** Exercise aim **
Reproduce all of the records word for word, omitting the pictures.

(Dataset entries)
'''

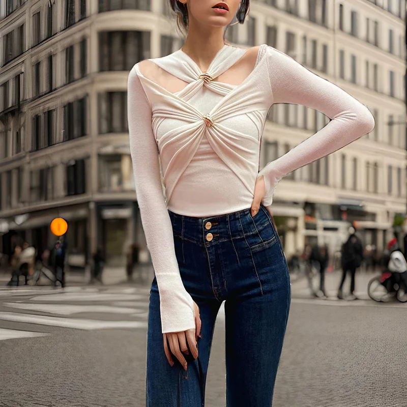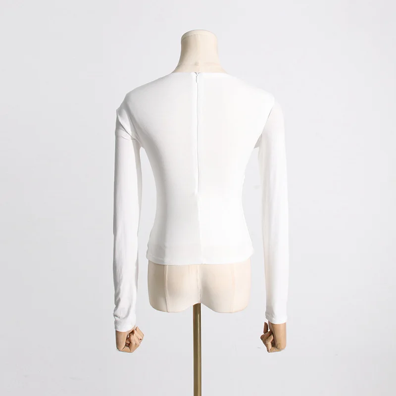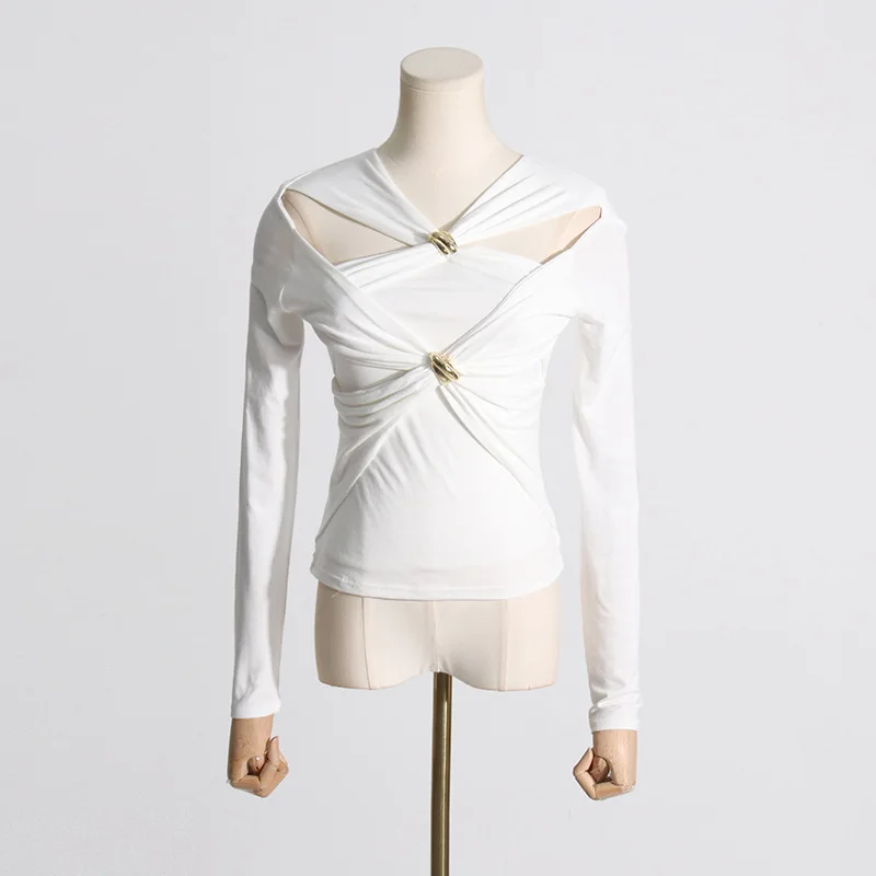 OUDINA 2024 Spring New Style Women's Tight Top Long Sleeve Hollow Twist Design Versatile Slim Female Tops And T-shirt
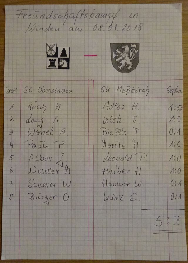 Mit 6,5 zu 1,5 gelang Oberwinden ein historischer Sieg gegen Kuppenheim. Bisher stand lediglich im Meisterschaftsjahr 2015 ein Unentschieden zu Buche. Ansonsten hatte man immer den kürzeren gezogen. Der Bericht von Kuppenheim ist hier zu finden.
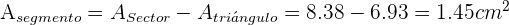 Área del segmento circular AB = Área del sector circular AOB − Área del triángulo AOB
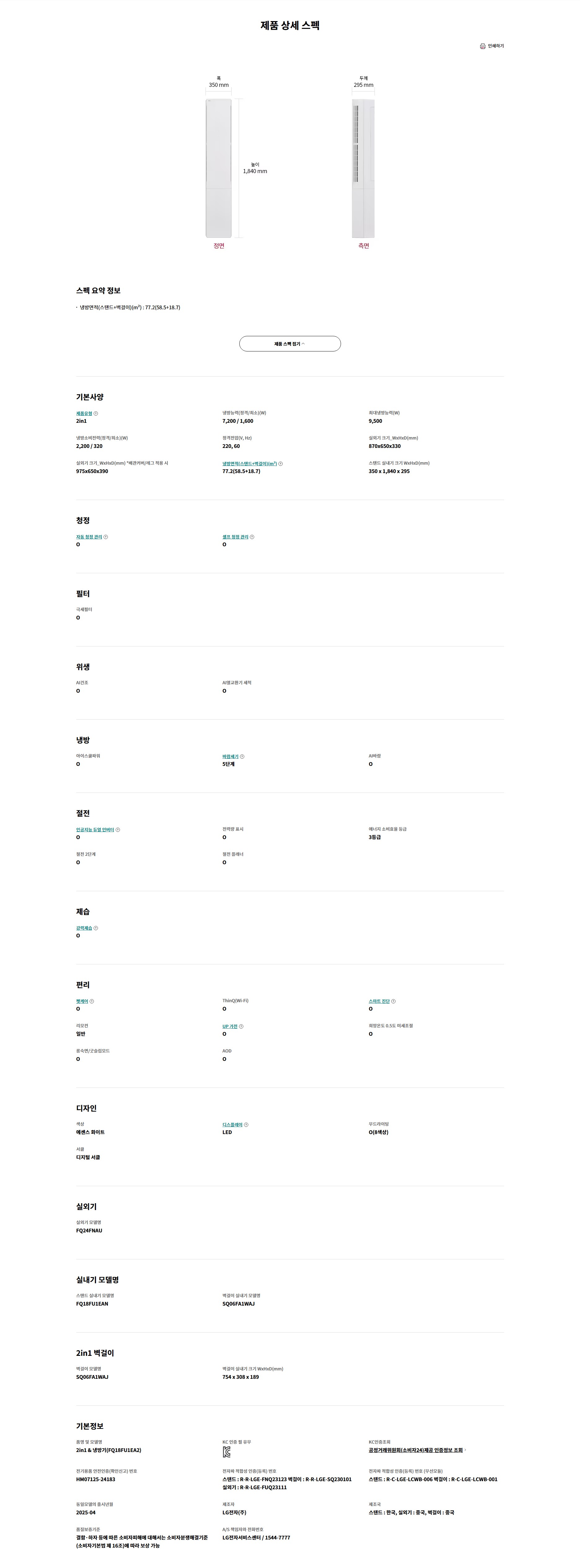 [LG전자] 휘센 오브제컬렉션 뷰II 에어컨 2in1 1시리즈 에센스화이트 (FQ18FU1EA2)
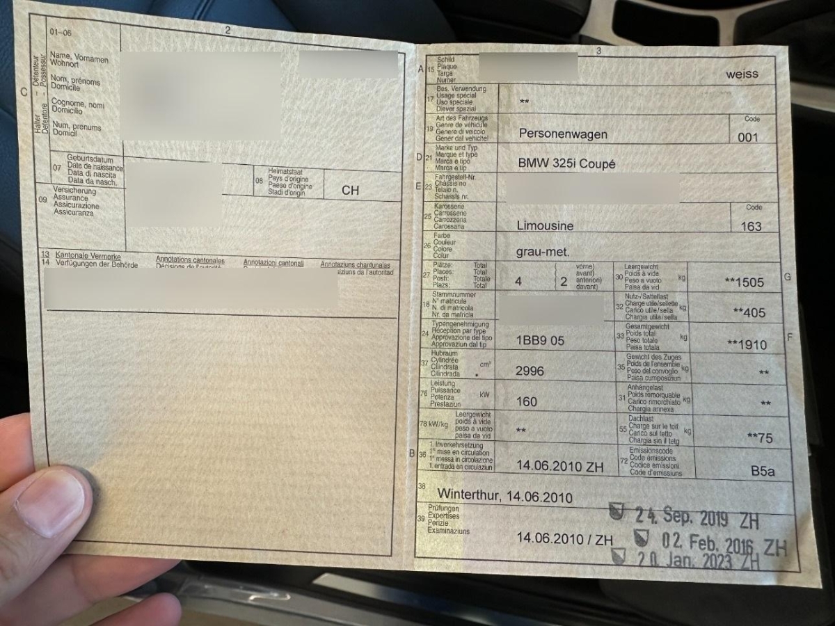 Zentralverriegelung mit Fernbedienung, Nichtraucherausführung, Elektrische Fensterheber vorne, Abschliessbare Radschrauben, Wegfahrsperre elektronisch, Xenon-Lichtanlage, Bremsassistent (BAS), Exterieurumfänge in Wagenfarbe, 6 Lautsprecher, Einstiegsschienen, Katalysator geregelt, Start-/Stop-Knopf, Dekor: Interieurleisten in Satinsilber matt, Radio BMW Business CD, Gurtbringer elektrisch vorne, Lenkrad: Multifunktionslenkrad, Aktive Kopfstützen, Nebelscheinwerfer, Klimatisierungsautomatik, Scheinwerfer-Waschanlage, Frontscheibe mit Color-Band, Dynamische Bremsleuchten, Window-Kopfairbags, Sitzbelegungserkennung für Beifahrersitz, Lenkrad: Lenkrad längs- und höhenverstellbar, Dynamische Stabilitätskontrolle (DSC), Check-Control-System, Mittelarmlehne hinten, Reifen mit Notlaufeigenschaft, Automatische Stabilitäts- und Traktions- kontrolle, Bremsbelag-Verschleissanzeige, Verbandskasten, Rücksitzlehne geteilt abklappbar, Vordersitze teilelektrisch (Höhen-, und Lehnenverstellung), Elektrische Lenkung (EPS), Anfahrassistent, Lenkung, elektrisch unterstützt, ISOFIX Kindersitzvorrichtung, Gurtstraffer vorne, Aussentemperaturanzeige, Veloursfussmatten vorne und hinten, Lackierung: Uni-Lackierung, Beide Make up-Spiegel beleuchtet, Bordcomputer, Antiblockiersystem (ABS), Leichtmetallfelgen Sternspeiche 339, 17J mit Pneu, Seitenairbags, Airbag: Airbag Fahrer und Beifahrer, Stoff-Ausstattung Diagonal, Assist: Crash-Sensor, Drittes Bremslicht, Chrom-Line Exterieur, Sport-Lederlenkrad, AUX-Anschluss, Getriebe: 6-Gang-Getriebe

'''

** Exercise result **
 OUDINA 2024 Spring New Style Women's Tight Top Long Sleeve Hollow Twist Design Versatile Slim Female Tops And T-shirt
 Mit 6,5 zu 1,5 gelang Oberwinden ein historischer Sieg gegen Kuppenheim. Bisher stand lediglich im Meisterschaftsjahr 2015 ein Unentschieden zu Buche. Ansonsten hatte man immer den kürzeren gezogen. Der Bericht von Kuppenheim ist hier zu finden.
 Área del segmento circular AB = Área del sector circular AOB − Área del triángulo AOB
 [LG전자] 휘센 오브제컬렉션 뷰II 에어컨 2in1 1시리즈 에센스화이트 (FQ18FU1EA2)
 Zentralverriegelung mit Fernbedienung, Nichtraucherausführung, Elektrische Fensterheber vorne, Abschliessbare Radschrauben, Wegfahrsperre elektronisch, Xenon-Lichtanlage, Bremsassistent (BAS), Exterieurumfänge in Wagenfarbe, 6 Lautsprecher, Einstiegsschienen, Katalysator geregelt, Start-/Stop-Knopf, Dekor: Interieurleisten in Satinsilber matt, Radio BMW Business CD, Gurtbringer elektrisch vorne, Lenkrad: Multifunktionslenkrad, Aktive Kopfstützen, Nebelscheinwerfer, Klimatisierungsautomatik, Scheinwerfer-Waschanlage, Frontscheibe mit Color-Band, Dynamische Bremsleuchten, Window-Kopfairbags, Sitzbelegungserkennung für Beifahrersitz, Lenkrad: Lenkrad längs- und höhenverstellbar, Dynamische Stabilitätskontrolle (DSC), Check-Control-System, Mittelarmlehne hinten, Reifen mit Notlaufeigenschaft, Automatische Stabilitäts- und Traktions- kontrolle, Bremsbelag-Verschleissanzeige, Verbandskasten, Rücksitzlehne geteilt abklappbar, Vordersitze teilelektrisch (Höhen-, und Lehnenverstellung), Elektrische Lenkung (EPS), Anfahrassistent, Lenkung, elektrisch unterstützt, ISOFIX Kindersitzvorrichtung, Gurtstraffer vorne, Aussentemperaturanzeige, Veloursfussmatten vorne und hinten, Lackierung: Uni-Lackierung, Beide Make up-Spiegel beleuchtet, Bordcomputer, Antiblockiersystem (ABS), Leichtmetallfelgen Sternspeiche 339, 17J mit Pneu, Seitenairbags, Airbag: Airbag Fahrer und Beifahrer, Stoff-Ausstattung Diagonal, Assist: Crash-Sensor, Drittes Bremslicht, Chrom-Line Exterieur, Sport-Lederlenkrad, AUX-Anschluss, Getriebe: 6-Gang-Getriebe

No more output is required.